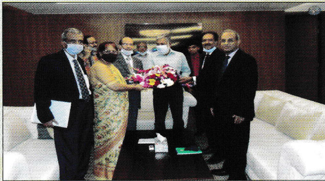
বাংলাদেশ বিনিয়োগ উন্নয়ন কর্তৃপক্ষের (বিডা) চেয়ারম্যানের সাথে কমিশনের চেয়ারপার্সন ও সদস্যগণের সৌজন্য সাক্ষাৎ

বিগত ২০২০ সালের শেষ সময় থেকে ২০২১ সালের শুরুর দিকে মহামারী কোভিড-১৯ এর প্রকোপ কিছুটা কম থাকায় এ সময় বাংলাদেশ প্রতিযোগিতা কমিশন বাণিজ্য মন্ত্রণালয়, খাদ্য মন্ত্রণালয়, কৃষি মন্ত্রণালয়, নৌ পরিবহন মন্ত্রণালয়, বাংলাদেশ ব্যাংক, বাংলাদেশ বিনিয়োগ উন্নয়ন কর্তৃপক্ষ, বিটিআরসি, বীমা উন্নয়ন কর্তৃপক্ষ, সমুদ্র পরিবহন অধিদপ্তরের প্রধান/প্রতিনিধিগণের সাথে বিভিন্ন গুরুত্বপূর্ণ বিষয়ে মতবিনিময় করেছে।
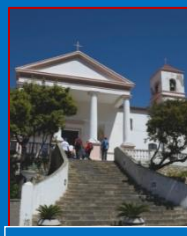
S. BARBARA BUGGERRU
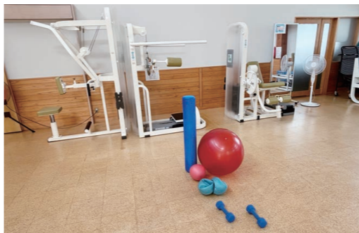
健康教室で、いつまでも元気に
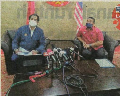
Khairy (kiri) bersama Muhammad Sanusi pada sidang akhbar selepas lawatan kerja dan mesyuarat Pasukan Petugas Khas Imunisasi Covid-19 (CITF) di Wisma Darul Aman, Alor Setar pada Ahad.

"Kumpulan ini kita akan dahulukan sebelum membukanya kepada golongan lain," katanya kepada pemberita selepas lawatan kerja dan mesyuarat Pasukan Petugas Khas Imunisasi
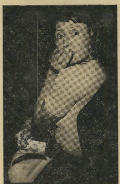
זרה ברכוס המרטיני שלי! קורא הבמאי השיכור בסרט.

ה אמכולנס שניצב על המידרכה, מול הכניסה לקולנוע אסתר בתל-אביב בי יום השישי האחרון, נסע לדרוכו, ללא צופר מרעיש, בתום הקרנת-הבכורה של הסרט מגרש השדים בישראל. אומנם, איש מבין 500 המוזמנים להקד רנה לא התעלף, רק בודדים עזבו את הסרט באמצע משום שלא יכלו לעמוד בזוועה ובפחדים, אולם כשנדלקו שוב הד אורות באולם, היו פניהם של מרבית הד צופים מתוחים וקשים, או מחייכים במי בוכה שכיסתה על המתח. הבמאי, וויליאם פרידקיין, מאיים לעשות לציבור הישראלי, את אשר עשה לציבור צופי-הקולנוע בכל העולם. בסרט מבויים היטב, בעל סצינות קצרות ומעברים חדים, הוא הביא לאופנה העולמית את ההתי פעלות וההערצה למפחד, לגורא ולמבי חיל, כשהוא מותח, בסצינות רבות, את כוח-הסבל ההסתכלותי של הצופה, עד לני-קודת-השבירה שלו כמעט. דרך סצינה של ילדה צעירה המאוננת בעזרת צלב, ועד לתמיהתו של שיכור על שמצא בכוס המרטיני שלו שערית-ערווה בלתי-מוכרת, עורך פרידקיין הסתערות
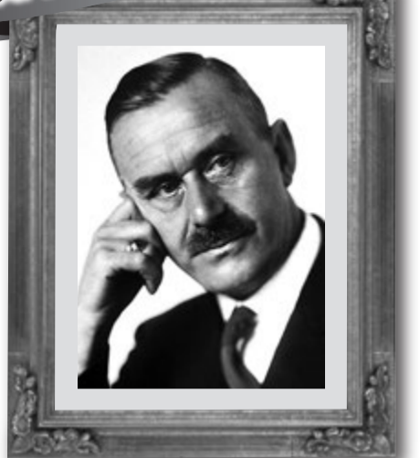
トーマス・マン (作家 / 1875-1955)

前回では、『ヴェニスに死す』発表後、妻・カーチャの結核が判明したところで終わりましたが、今回はそれを契機に生まれたマンの名作『魔の山』と同性愛の問題についてお伝えします。
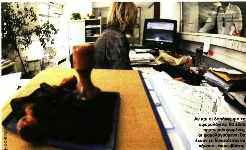
Αν και οι δαπάνες για το αφορολόγητο θα είναι προσυμπληρωμένες, οι φορολογούμενοι θα έχουν τη δυνατότητα να κάνουν... παρεμβάσεις.

Ειδικά για τις πληρωμές μέσω τραπεζικού λογαριασμού, τα στοιχεία που έχουν αποσταλεί υπολογίσθηκαν με βάση τους επαγγελματικούς λογαριασμούς που έχουν καταχωρηθεί στη σχετική εφαρμογή της ΑΑΔΕ και αφορούν αναδρομικά σε όλες τις συναλλαγές του 2017, εφόσον ο δικαιούχος έχει δηλώσει ότι ο επίμαχος
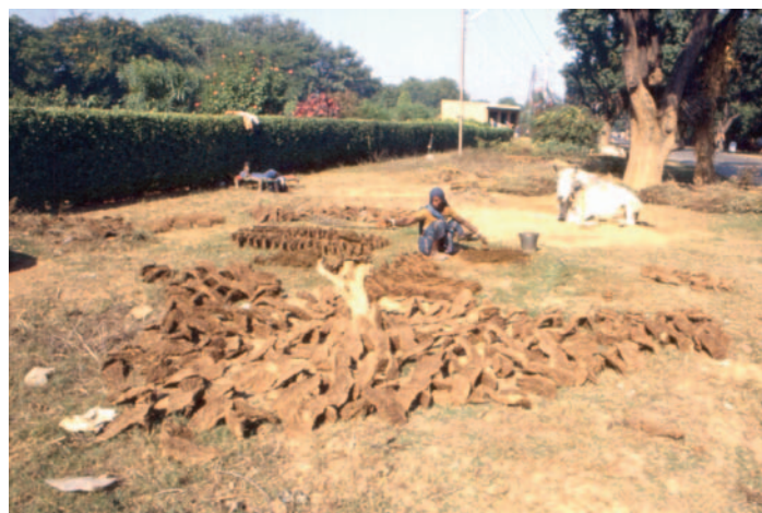
Deposito del combustibile organico
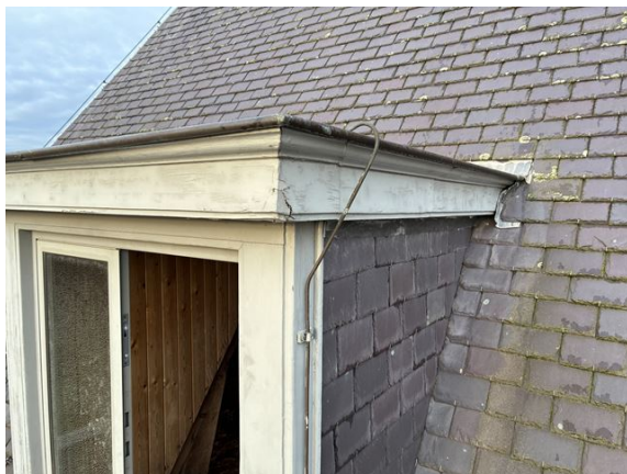
dakkapel no. 27: losgekomen vulmiddel (2025)
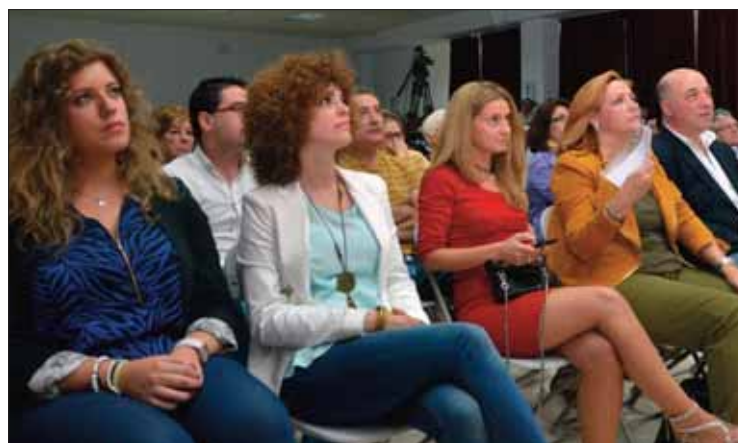
Nuevas caras se incorporan al equipo socialista/FP

se ha llevado a cabo "sin despreocupar otras cosas". Destacó el trabajo en multitud de calles y rincones, la apuesta por un pueblo más limpio, la inversión en caminos rurales, en los colegios e incluso en fiestas, "que con la mitad de presupuesto han tenido más éxito que las anteriores".

********************

Print an exact copy of the lines above, from the one containing "Ειδικά για τις" through the one containing "Nuevas caras se", and leave out the pictures.

Ειδικά για τις πληρωμές μέσω τραπεζικού λογαριασμού, τα στοιχεία που έχουν αποσταλεί υπολογίσθηκαν με βάση τους επαγγελματικούς λογαριασμούς που έχουν καταχωρηθεί στη σχετική εφαρμογή της ΑΑΔΕ και αφορούν αναδρομικά σε όλες τις συναλλαγές του 2017, εφόσον ο δικαιούχος έχει δηλώσει ότι ο επίμαχος
Deposito del combustibile organico
dakkapel no. 27: losgekomen vulmiddel (2025)
Nuevas caras se incorporan al equipo socialista/FP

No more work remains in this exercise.